Data:
== Segment start ==
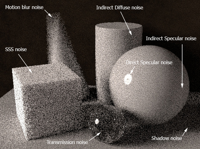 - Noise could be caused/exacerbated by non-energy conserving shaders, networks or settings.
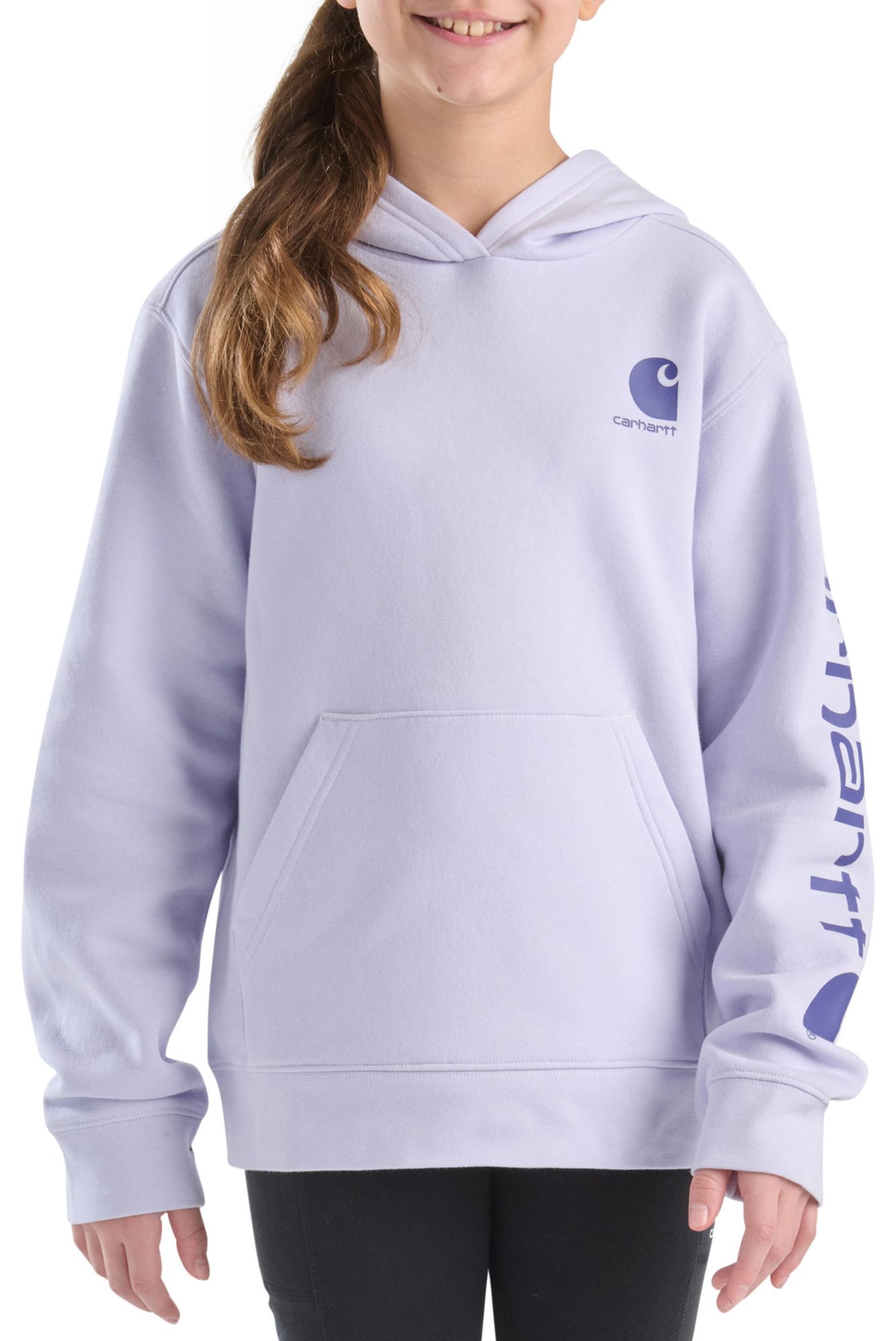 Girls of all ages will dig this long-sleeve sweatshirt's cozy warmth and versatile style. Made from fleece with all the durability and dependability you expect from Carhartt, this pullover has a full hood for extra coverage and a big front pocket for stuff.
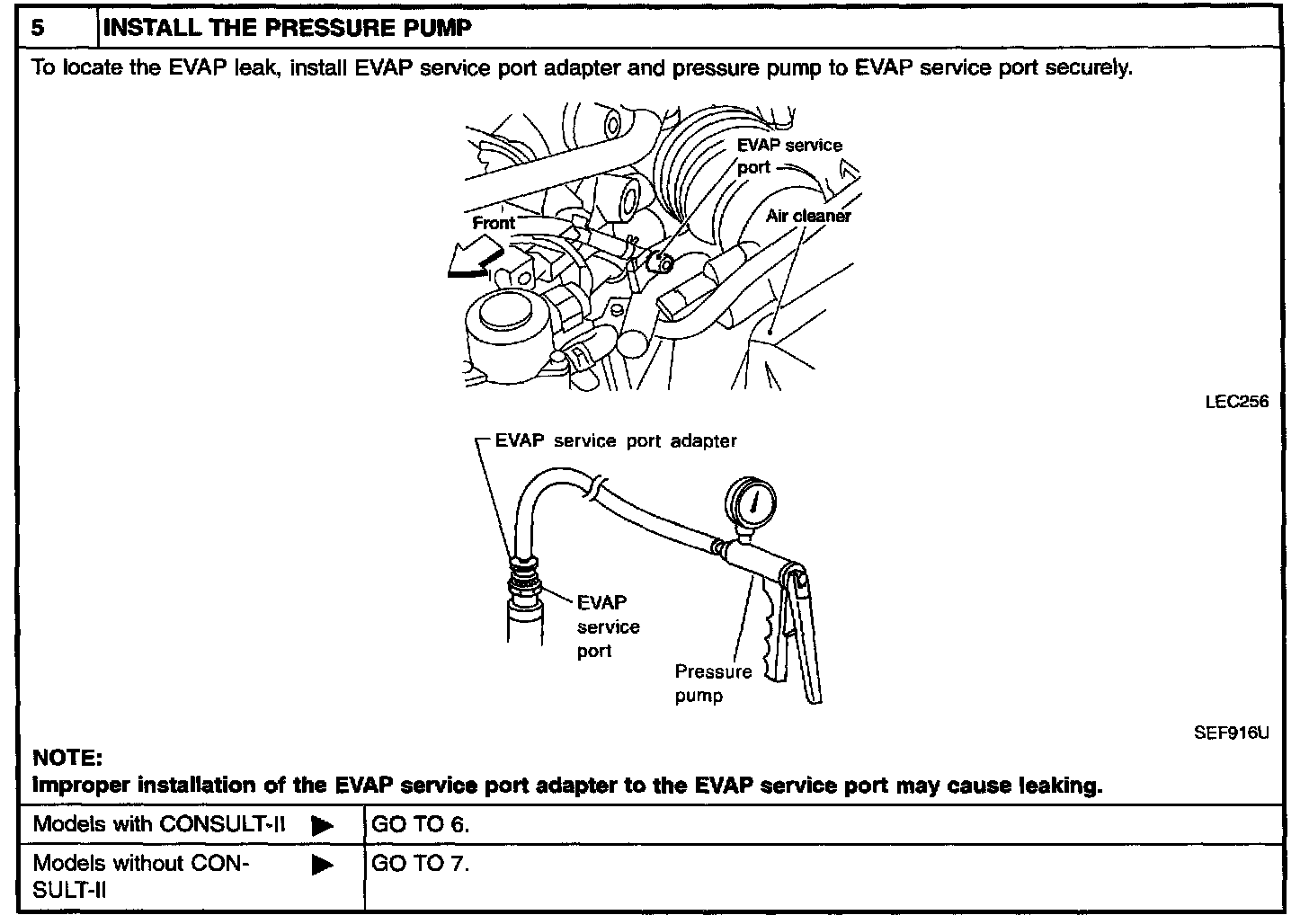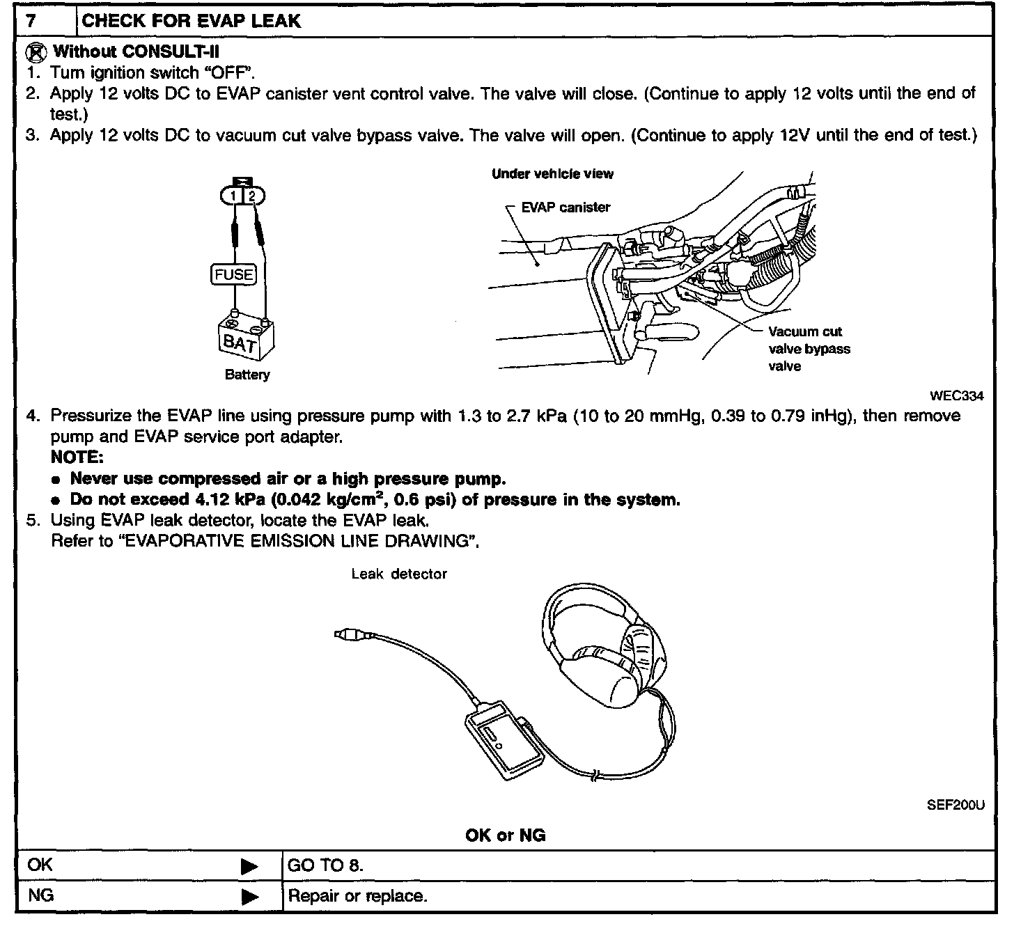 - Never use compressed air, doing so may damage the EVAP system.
== Segment end ==
What you give back must match the material above exactly, minus its pictures.

Reply to the task:
 - Noise could be caused/exacerbated by non-energy conserving shaders, networks or settings.
 Girls of all ages will dig this long-sleeve sweatshirt's cozy warmth and versatile style. Made from fleece with all the durability and dependability you expect from Carhartt, this pullover has a full hood for extra coverage and a big front pocket for stuff.
 - Never use compressed air, doing so may damage the EVAP system.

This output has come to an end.